Seeing some success is Nurse-Family Partnership, another home-visiting program in the initiative. Operated by the Center for Family Safety and Healing at Nationwide Children’s Hospital, it pairs degreed, registered nurses with expecting women.
Six nurses serve 125 to 150 families, said Justin Fogt, clinical coordinator of the center’s home-visitation programs. With additional funding sources, a goal is to double the number of nurses and families served, he said.
Nurses, who benefit from strong community trust, have seen women in the program address their negative childhood experiences and work to improve the lives of their families, said Rachel Langley, a home-visit nurse and supervisor.
“We want to make sure every mom who needs our program has it so we can really effect change in the community,” she said. “We want the Franklin County community to be full of healthy families who have the resources they need for their children to grow up, break the cycle and achieve their full potential.”
Leatherman said the home-visiting programs are based on evidence that indicates they help increase birth weights, decrease preterm births, encourage more breastfeeding and lead to developmental benefits through early childhood.
For example, Nurse-Family Partnership, in the 12 months through March 31, saw 72 babies born, 4.2 percent of them prematurely, Fogt said.

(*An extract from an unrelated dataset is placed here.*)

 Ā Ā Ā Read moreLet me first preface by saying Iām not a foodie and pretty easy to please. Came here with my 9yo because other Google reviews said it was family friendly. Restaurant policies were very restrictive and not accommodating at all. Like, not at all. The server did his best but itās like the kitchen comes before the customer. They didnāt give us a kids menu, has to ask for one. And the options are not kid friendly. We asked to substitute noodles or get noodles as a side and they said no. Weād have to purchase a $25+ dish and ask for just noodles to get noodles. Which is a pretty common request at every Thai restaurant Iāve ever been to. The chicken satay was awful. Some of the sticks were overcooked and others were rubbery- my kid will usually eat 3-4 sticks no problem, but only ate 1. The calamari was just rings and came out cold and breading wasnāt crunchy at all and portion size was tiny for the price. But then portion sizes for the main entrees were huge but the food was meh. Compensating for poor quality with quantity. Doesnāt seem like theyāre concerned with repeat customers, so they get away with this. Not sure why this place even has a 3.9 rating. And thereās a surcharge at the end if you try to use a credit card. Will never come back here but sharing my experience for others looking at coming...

That’s a significantly lower rate than the 10.6 percent rate of premature babies out of all 18,800 Franklin County births in 2017.

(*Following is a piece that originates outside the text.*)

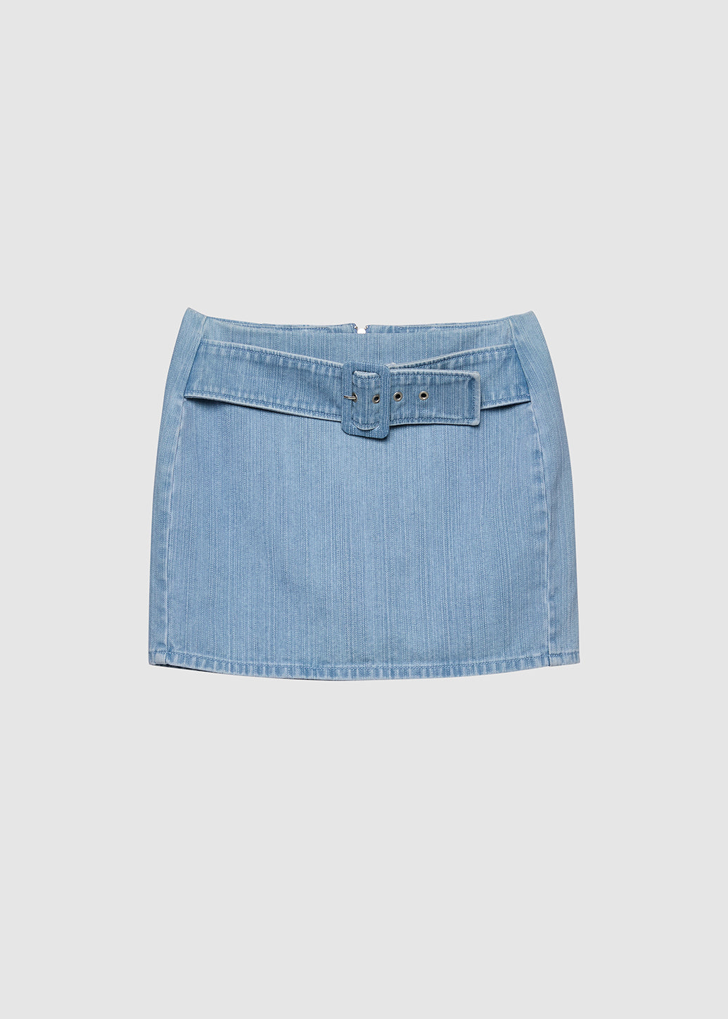 A mini skirt that offers a bold and confident vibe. It is highlighted by a large waist belt that adds a cool factor while providing a secure fit. Match it with any top for a street or party look that is both edgy and chic.

Along with Nurse-Family Partnership and My Baby & Me, CelebrateOne works with Healthy Families America, operated by Youth Advocate Services and Nationwide Children’s Hospital, through which social workers and other trained workers visit low-income, at-risk women; and Columbus Public Health’s Moms & Babies First, through which trained community-health workers visit at-risk, low-income black women living in 14 targeted ZIP codes.
The four programs served a combined 1,400 families in the first six months of this year, with a goal to reach 5,000 families a year by the end of 2020, Leatherman said.
Roughly $2.6 million in total annual funding comes from the Ohio Department of Health, the Ohio Department of Medicaid and the U.S. Department of Health and Human Services. About $540,000 more is coming from the Department of Medicaid beginning in mid-2019.
During their August visit, Terry and Younous discussed topics including breastfeeding, birth control, safe-sleep techniques and postpartum depression. They touched base on Younous’ plan to attend a Columbus State Community College course this fall that will help her improve her English-language skills as part of a path toward taking college courses.
And they were smitten by tiny Sujud as she smiled and cooed in her mother’s arms.
Younous said Terry is a good listener who has opened her up to many community resources.
“I just feel more confident,” said Younous, who came to the United States in 2015 from Chad in central Africa and is now an American citizen. “I just love her, and she makes my life easier.”